Provided records
────────────────
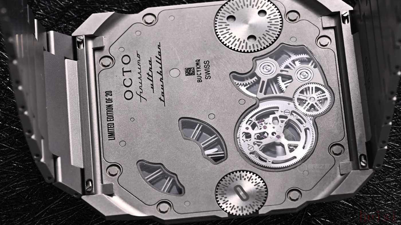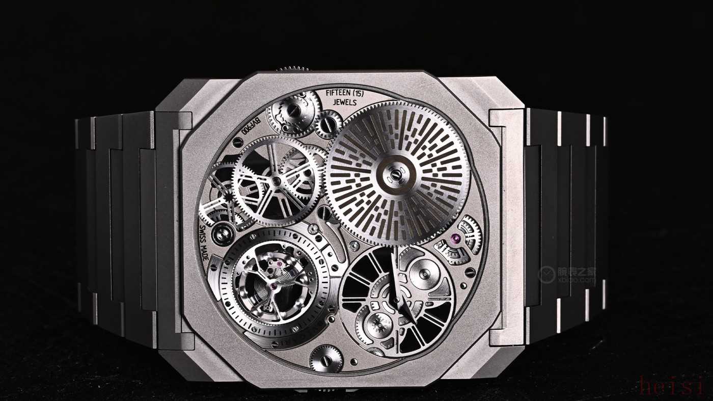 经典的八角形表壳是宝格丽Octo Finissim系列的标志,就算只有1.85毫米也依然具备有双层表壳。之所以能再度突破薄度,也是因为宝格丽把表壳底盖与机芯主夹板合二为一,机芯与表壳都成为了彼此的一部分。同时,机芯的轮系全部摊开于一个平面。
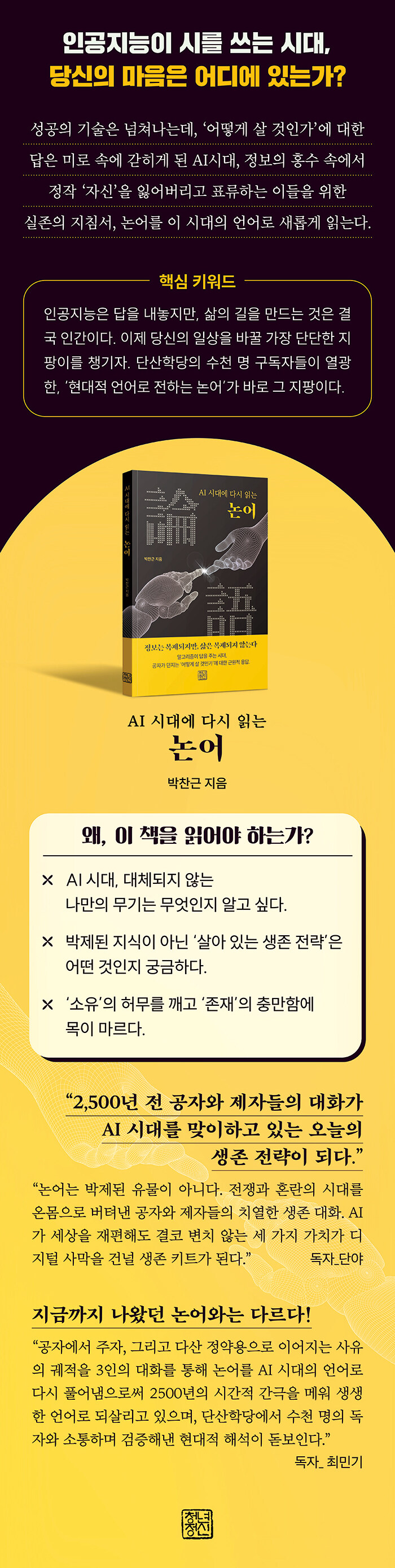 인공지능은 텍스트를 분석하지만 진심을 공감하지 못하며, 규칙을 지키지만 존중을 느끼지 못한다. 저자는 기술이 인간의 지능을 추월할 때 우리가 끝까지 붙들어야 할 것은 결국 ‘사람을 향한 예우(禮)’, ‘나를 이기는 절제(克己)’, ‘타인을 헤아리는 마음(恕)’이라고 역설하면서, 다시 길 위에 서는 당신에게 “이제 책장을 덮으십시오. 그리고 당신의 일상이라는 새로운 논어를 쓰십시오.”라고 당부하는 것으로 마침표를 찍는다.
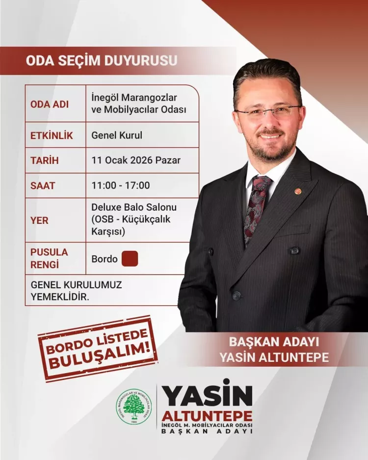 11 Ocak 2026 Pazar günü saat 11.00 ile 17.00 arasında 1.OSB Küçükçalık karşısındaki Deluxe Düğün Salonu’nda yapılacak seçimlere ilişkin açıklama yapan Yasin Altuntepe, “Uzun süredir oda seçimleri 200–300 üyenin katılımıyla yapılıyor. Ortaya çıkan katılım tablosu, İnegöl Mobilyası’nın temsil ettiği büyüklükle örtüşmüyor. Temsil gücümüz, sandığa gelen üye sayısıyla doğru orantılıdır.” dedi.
────────────────
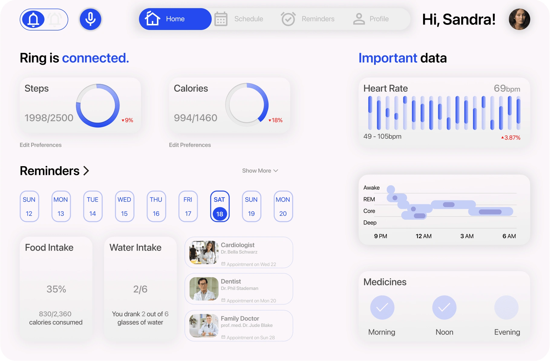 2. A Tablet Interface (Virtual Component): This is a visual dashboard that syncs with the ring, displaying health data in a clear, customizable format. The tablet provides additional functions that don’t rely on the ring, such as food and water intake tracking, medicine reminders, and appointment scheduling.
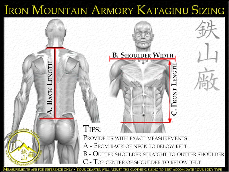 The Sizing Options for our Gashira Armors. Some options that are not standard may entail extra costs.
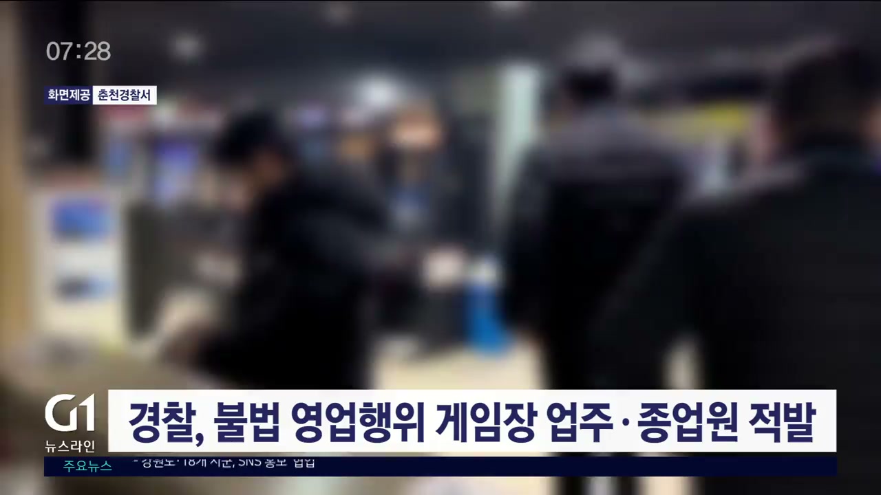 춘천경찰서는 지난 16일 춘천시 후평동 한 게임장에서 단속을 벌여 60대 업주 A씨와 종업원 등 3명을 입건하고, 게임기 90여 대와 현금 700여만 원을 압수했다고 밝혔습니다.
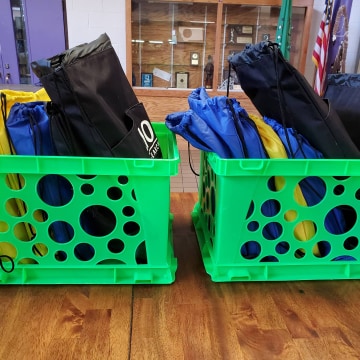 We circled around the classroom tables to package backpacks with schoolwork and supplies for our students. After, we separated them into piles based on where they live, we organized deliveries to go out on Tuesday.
────────────────
Using the entries above, transcribe exactly from the line that has "经典的八角形表壳是宝格丽Oc" through the line that has "인공지능은 텍스트를 분석하지만". Pictures are dropped.

Answer to the exercise
 经典的八角形表壳是宝格丽Octo Finissim系列的标志,就算只有1.85毫米也依然具备有双层表壳。之所以能再度突破薄度,也是因为宝格丽把表壳底盖与机芯主夹板合二为一,机芯与表壳都成为了彼此的一部分。同时,机芯的轮系全部摊开于一个平面。
 인공지능은 텍스트를 분석하지만 진심을 공감하지 못하며, 규칙을 지키지만 존중을 느끼지 못한다. 저자는 기술이 인간의 지능을 추월할 때 우리가 끝까지 붙들어야 할 것은 결국 ‘사람을 향한 예우(禮)’, ‘나를 이기는 절제(克己)’, ‘타인을 헤아리는 마음(恕)’이라고 역설하면서, 다시 길 위에 서는 당신에게 “이제 책장을 덮으십시오. 그리고 당신의 일상이라는 새로운 논어를 쓰십시오.”라고 당부하는 것으로 마침표를 찍는다.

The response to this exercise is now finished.